Опасности таятся на верхах,
А у подножья место есть надежде.
О ветер, дуй! Ты стёр меня во прах,
Мне больше нечего тебя бояться!
(Уильям Шекспир. Король Лир.)

Шут коридорный

Шут брёл по коридору. Неверной походкой, петляя от стены к стене, он брёл, его кровь-не-вода прокладывала траекторию следом за ним, как бы вообразив себя уходящим песком в часах. Его кровь, совсем, как вода, стремительно покидала тело, превращаясь в пунктирную тропу на полу. Шарк – кап, шарк – кап, шарк-шарк – кап-кап-кап, шуршали подошвы ярких туфель и неслышно падали крупные капли. Рябиновый град на ковровой дорожке почти не проглядывался, но стоит ему высохнуть, как станет видна цепочка отметин.
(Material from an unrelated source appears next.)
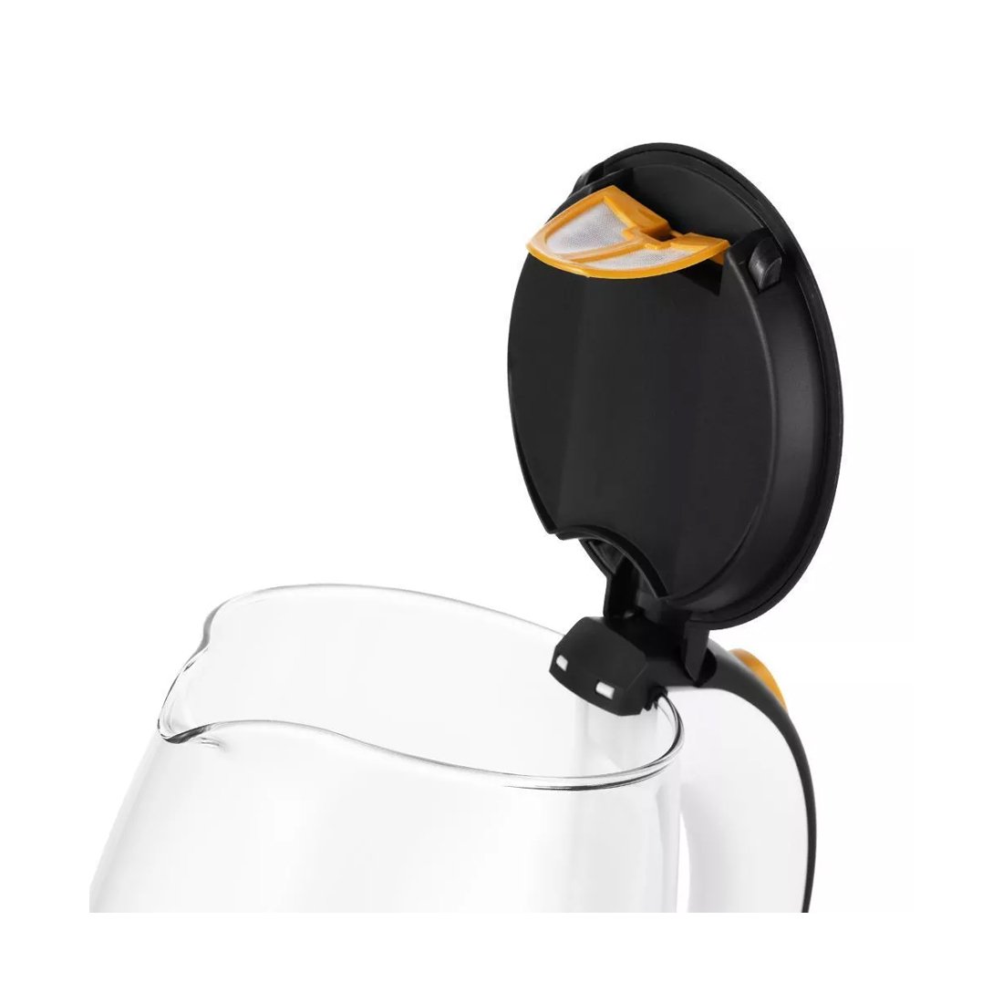 Электрический чайник Kitfort KT-6199 предназначен для быстрого кипячения воды дома, в офисе или на даче. Нагревательный элемент спрятан под металлической пластиной из нержавеющей стали. Это облегчает его очистку и значительно снижает шум при кипячении воды. На внешней стороне чайника расположена мерная шкала, рассчитанная на объем до 2 л. На верхней крышке имеется кнопка открытия. Прибор имеет защиту от перегрева, которая предотвращает включение прибора без воды. В носике чайника имеется съемный фильтр, который улавливает частицы накипи и предотвращает их попадание в чашку.

По ним каждый праздный зевака сможет отследить путь от спальни до той точки коридора, где вот-вот сбудутся заветные желания и надежды женского населения дворца (впрочем, частью и мужского). Угрозы, вопли, проклятия и искренние пожелания. О да. Они сбудутся и очень скоро. По лицу шута блуждала неуместная, едкая ухмылочка, он брёл, раздражённо отплёвываясь от сальных волос, лезущих прямиком в рот.
     (Ведь вы так… хах-ха, вы так желали этого. Ха… мечты сбываются – я наконец-то сдохну в муках. Всё для вас, дамы и господа, всё для вас – метались мысли в каменно-серой дымке, ставшей его сознанием).
     Шут брёл по коридору, сбивался с шага, терял равновесие. Дымка тут же начинала дребезжать и ходить крупной рябью, тут же кругом сгущалась темнота. Рваная куртка нараспашку и лишённая половины пуговиц рубаха обнажали впалую узкую грудь. Снятый колпак он зажимал в кулаке, но порой пальцы слабели и выпускали измятый головной убор. Особенно слабели в тот момент, когда дымка, и вся вселенная заодно, в которой он застрял один на один с болевыми приступами, начинали трястись. Колпак падал, и тогда в тишине раздавался перезвон бубенцов, тонкий и нежный, возможно, даже тоньше и нежнее стенаний лютни. Шут морщился от боли, сползал по стенке, шаря по полу на ощупь, будто слепец. Колпак всё равно, что корона для короля и чёртов нимб для ангела вместе взятые. Или больше того? Шут не мог без него двигаться дальше. Ему везде мерещились мистические символы, и один из них вселился в цветастую ткань. Пропадёт он пропадом, сгинет в Бездне (или в дымке, пронизывающей вселенную), так и не вырвавшись на свежий воздух, если посмеет потерять колпак. Коридор ярко освещали свечи, в канделябрах трепетало их пламя – но тьму его дымчатой грозы им не разогнать.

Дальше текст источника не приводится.